Tout le monde... ou presque
Que ce soit parce que le petit est malade, parce que ses dents de lait percent, parce qu'il fait des cauchemars ou simplement parce qu'il se réveille si souvent qu'on finit par craquer, tous les parents ont, un jour ou l'autre, plus ou moins longtemps (et parfois très longtemps…), dormi avec leur enfant. Mais personne n'ose vraiment le dire. Car la norme affichée par les spécialistes de la petite enfance, c'est un bébé qui « fait ses nuits » (sous-entendu, qui dort d'une traite une douzaine d'heures), tout seul dans son lit.
Souvent contre l'avis des médecins
Face aux médecins, c'est motus et bouche cousue. Fatima, mère d'une petite Louise, 2 ans, raconte. Après avoir accueilli sa fille dans l'unique chambre, celle des parents, puis dans le lit - « parce que les premiers mois, en allaitant, c'est quand même plus simple » -, elle a compris qu'il valait mieux se taire dans le cabinet du pédiatre. « A la visite des 6 mois, il a préconisé le sevrage de la petite. Je n'en avais aucune envie. J'ai bien senti la forte désapprobation. Alors, parler du lit… j'ai laissé tomber. »
Les pédiatres, en effet, ne sont pas favorables au « co-dodo ». « La chambre est le territoire du couple. L'enfant ne doit pas interférer. Quand l'enfant a 7 ou 8 mois, il est temps que les parents se retrouvent. Le petit doit, lui, faire connaissance avec son propre territoire », explique Pierre Douillet, chef du service de pédiatrie de l'hôpital de Fontainebleau.
Dormir loin de ses parents : une spécialité occidentale
Cette volonté sociale de faire dormir les bébés et les enfants loin de leurs parents est une spécialité occidentale. Nulle part ailleurs, on agit ainsi. En Asie (y compris dans un pays aussi « moderne » que le Japon), en Afrique, en Océanie, en Amérique du Sud, on considère comme allant de soi la proximité mère-petit enfant, la nuit, celle-ci étant même une condition indispensable au bon sommeil de l'enfant. Les modalités du sommeil sont d'ailleurs très différentes d'un pays à l'autre : hamac, berceau, bras, avec les frères et sœurs, avec la mère, avec les deux parents…

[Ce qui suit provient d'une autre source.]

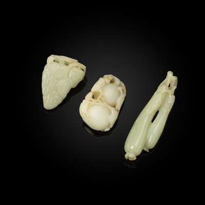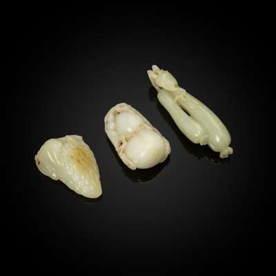 comprising: a pale celadon pendant in the form of two long melons on stems with leaves; a white jade 'double-gourd' pendant with leaves; and a pale celadon with russet skin jade pendant carved in the form of a fruity grape with leaves

Des anthropologues, comme Hélène Stork en France ou James Mac Kenna aux Etats-Unis, ont commencé à étudier sérieusement ces comportements. Nathalie Roques, dans son livre "Dormir avec son bébé", aux éditions de l'Harmattan, n'hésite pas à lancer le débat, en parlant du monde occidental moderne qui « propose là une modification majeure et inédite d'un comportement
biologique, physiologique et relationnel naturel, le sommeil normal du petit enfant ». Aujourd'hui, précise-t-elle, « on peut vraiment opposer le sommeil occidental au reste du monde. Il y a dans nos pays une problématique du sommeil de l'enfant qui n'existe pas dans le reste du monde ; le sommeil du bébé n'est tout simplement pas vécu comme un problème ! »
A chacun sa solution
Il existe en France, et dans le monde occidental, des parents qui ont opté pour le « co-dodo ». En réalité, aucun dogmatisme n'a de place dans ce type de situation : à chacun de trouver la réponse qui lui convient le mieux. Le sommeil dans le même lit n'est certainement pas la panacée, mais on peut toujours inventer d'autres solutions, depuis le matelas d'appoint ou le lit « side-car », jusqu'à la multiplication des grands lits dans les différentes chambres (si on peut, bien sûr) qui permettent à tout le monde, parents et enfants, de naviguer d'un lit à l'autre, en fonction des cauchemars et des réveils. Une nuit, c'est papa qui déménage, une autre, c'est maman ou les enfants...
Et puis il faut savoir que le sommeil varie en fonction de l'âge : un tout petit bébé qui manifeste un besoin nocturne intense de sa maman se satisfera peut-être très bien d'un dodo en solo à artir de 6 mois... pour revenir avec papa-maman vers 2 ans !
Alors, un conseil : la souplesse est la clé de belles nuits. Un soir, vous aurez une bonne surprise ! En effet, voilà que le petit crampon (en général, vers l'âge de 3 ans) réclame son lit, et s'en va vivre sa nuit de son côté, sans vous... Et rien ne prouve que le cadet, à son tour, réclamera la chaleur de papa et maman pour s'endormir.